Nathan makes many good points in his post... I boiled it down to a few that began to align with some of my thoughts when I first read the OP.

Quote:
Originally Posted by jimwick View Post
In our experience it has been the adult mentors who have sustained the team over time. ... In my experience the kids have too many other interests to be able to the necessary effort to sustain the team. Committed adults are more able to do so.
Bingo...

While an amazing group of student leaders will bring a team to its biggest successes, teams need a very strong mentor backbone to not only mentor the students, but to support and sustain the team in years where the student leadership may not be able to be as strong.... and to support eachother from year to year. In my now 17 years and 3 teams in FIRST, I have come to realize that each team may only have one incredibly capable, incredibly strong, self motivated and independent student leader come along maybe once every 10 years IF they are lucky. There are some phenomenal students in FIRST, but those that are capable and motivated enough to really drive a team toward elite style success... those that would be able to immediately go on and build a new team, are much much more rare than I once expected.

Thus, every team needs a strong mentor backbone. And I would argue that 1-5 mentors is not enough. In 90% of teams, a lone mentor will be burnt out in 2-3 years. 5 continuous mentors will be burnt out in 5 years. You need a good solid lead mentor, a lead mentor sidekick, 3-5 incredibly dedicated mentors (/parents), and another 5 or so that can fill in when things get really busy. That means every team with ~30 students need 10 mentors to really have a strong team.

Can you work with less? Of course. And there are models that do. Some of the more curriculum based ones are probably ok, but even if you look at the model referenced earlier (1717) they were more capable and better off when they brought in more mentors.

This type of backbone is exactly the reason so many of the college teams struggle. I watch Clarkson every couple of years go in waves, because they are forced to rely on mentors that turn over at least every 4 years. They have built some amazing robots, and some not so amazing robots, have run some amazing programs, and had some off years.
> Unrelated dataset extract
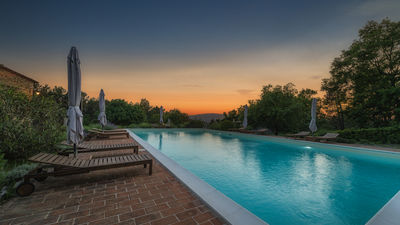 La piscina è situata a 30 metri dal casale e a 30 metri dall’annesso su un terrazzamento pavimentato a cotto e parzialmente recitato da siepi di alloro, oleandro, rosmarino, elicrisi e lavanda. Si accede tramite un vialetto in ghiaia. La piscina è di forma rettangolare, misura 16 x 8 m con una profondità variabile da 1,50 a 2,50 m. Il sistema di depurazione è a cloro ed è rivestita con telo in pvc. La piscina è dotata di illuminazione interna e doccia solare. La piscina è aperta dall’ultimo sabato di aprile al primo sabato di ottobre. L’orario di accesso è dalle 08:00 alle 19:00. Oltre alla piscina si trova, a pochi metri dal casale, la suggestiva vasca idromassaggio riscaldabile per cinque persone aperta tutto l’anno.

Teams like WPI are much more sustainable because they have non-college leads like Colleen and Ken and Francis that can help keep consistency and form a backbone year after year.

Plus these mentors help students learn how to be leaders, they help push the students outside their comfort zone. If you have a 1/20 mentor/student ratio, that mentor is not going to be able to spend enough time to really grow and develop each kid individually. The closer you get to a 1/1 ratio, the stronger your students can grow (assuming you have mentors with the correct mindset).

You want a more sustainable team? Find and recruit more dedicated and passionate mentors... and have them help you grow your student base.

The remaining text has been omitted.